OPINION: The revealing thought process of the academics backing Palestine Action
This is not an example of cause-agnostic support for free expression or political protest. This is a case of the ends being seen to justify the means.
There is a growing campaign against the proscription of Palestine Action, the group that used organised criminality to pursue its anti-Israel politics until they were banned as a terrorist group by the Home Secretary last month.
The latest statement in their support is a letter to the Guardian (where else?) by a predictable list of academics and veteran activists. It includes this revealing sentence:
“We fully share the aim of ending the flow of weapons from Britain to Israel and the belief that all participants in the pro-Palestine movement should be free to make our own decisions about how best to achieve that goal.”
This kind of thinking, with no qualifications or restrictions, could justify Elias Rodriguez shooting dead Sarah Milgim and Yaron Lischinsky outside the Jewish Museum in Washington D.C. in May. Rodriguez was a participant in the pro-Palestinian movement, and he made his own decision that shooting dead two people leaving a Jewish community event was the best way to achieve his goal. He even shouted “Free Palestine” when he did it. And he isn’t the only example.

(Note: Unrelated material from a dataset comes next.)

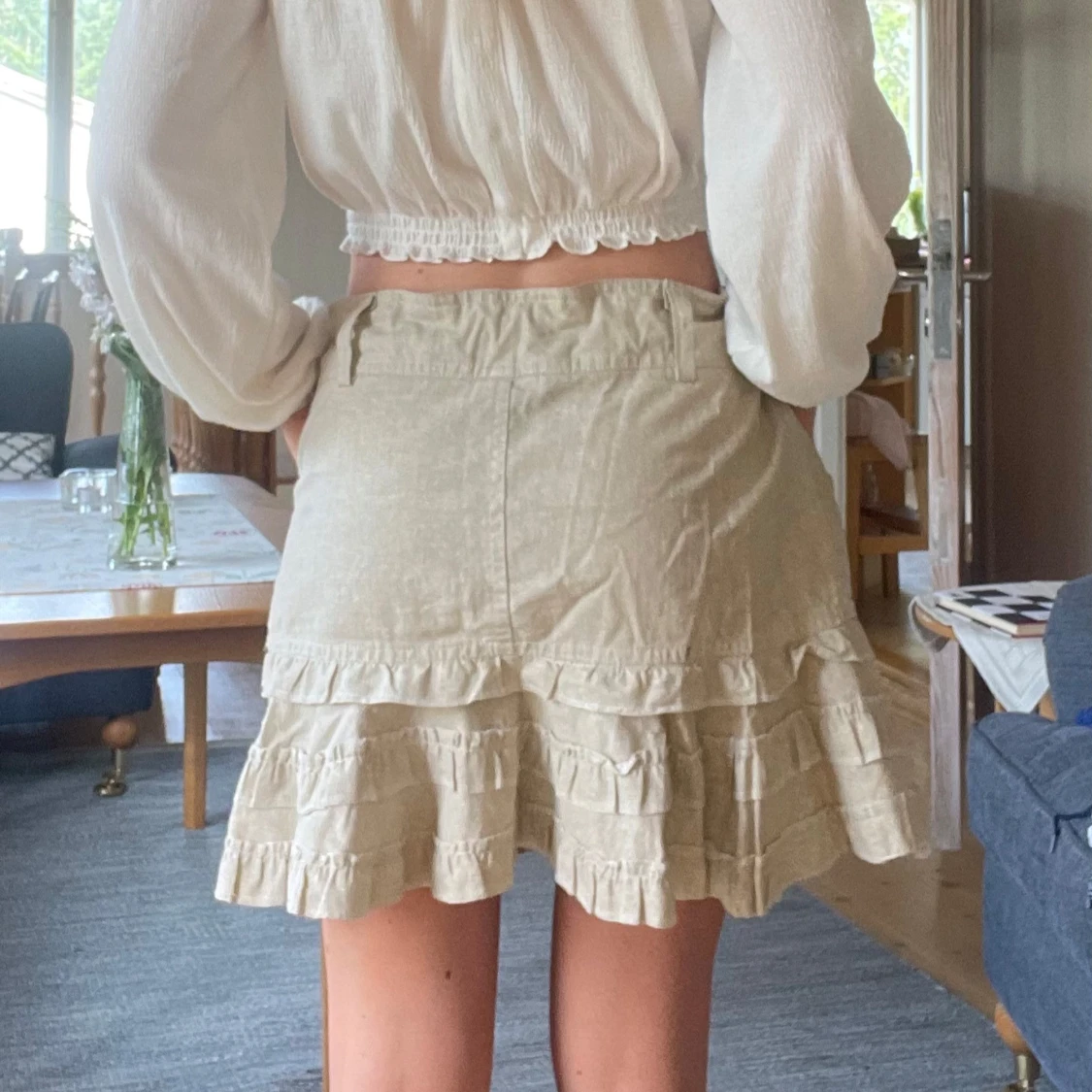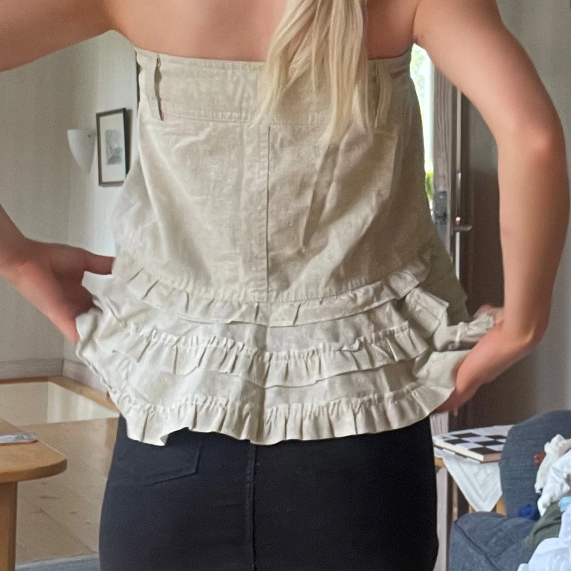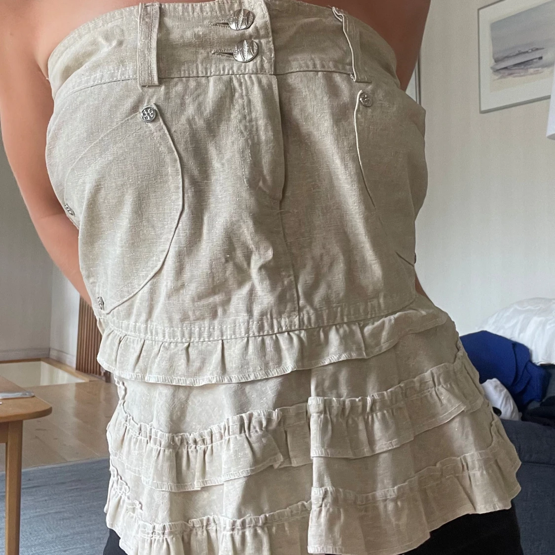 Supersöt beige tubtopp eller kjol beroende på hur man bär den med volanger och dekorativa fickor framtill. Toppen har dubbla knappar och resår upptill som jag satt in själv! Köpte på en fransk marknad för 30€ så vet inte vad det är för märke💓💓Kan skicka fler bilder privat!

I hope the signatories of the Guardian letter would agree that this was terrorism, but who knows? That sentence could be read as justifying the use of violence to achieve a political goal, which serves as a decent shorthand definition of terrorism anyway. Rodriguez has been glorified and his political manifesto shared by plenty of people and organisations in the pro-Palestinian movement, including Unity of Fields, an American group that used to be Palestine Action U.S., so it isn’t too far-fetched to think there will be similar attacks in future.

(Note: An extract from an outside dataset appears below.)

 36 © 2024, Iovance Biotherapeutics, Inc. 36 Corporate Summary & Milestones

The Guardian letter also claims that proscribing Palestine Action “represents an attack both on the entire pro-Palestine movement and on fundamental freedoms of expression, association, assembly and protest.” This is nonsense. Palestine Action’s entire approach was to use criminal methods to achieve a political goal. Their activists set out to smash up buildings and cover them in paint. If they gained entry, they smashed up the offices and equipment as well. This criminal modus operandi was not an add-on, or an occasional by-product: it was the whole point. It shouldn’t need saying, but there is no automatic freedom to break the law.
It is perfectly possible to protest against Israel and campaign for Palestine without using criminal methods. Violence is a choice. Palestine Action advised their activists take a sledgehammer with them when they went out to do a Palestine Action activity – and you don’t need a sledgehammer for peaceful protest.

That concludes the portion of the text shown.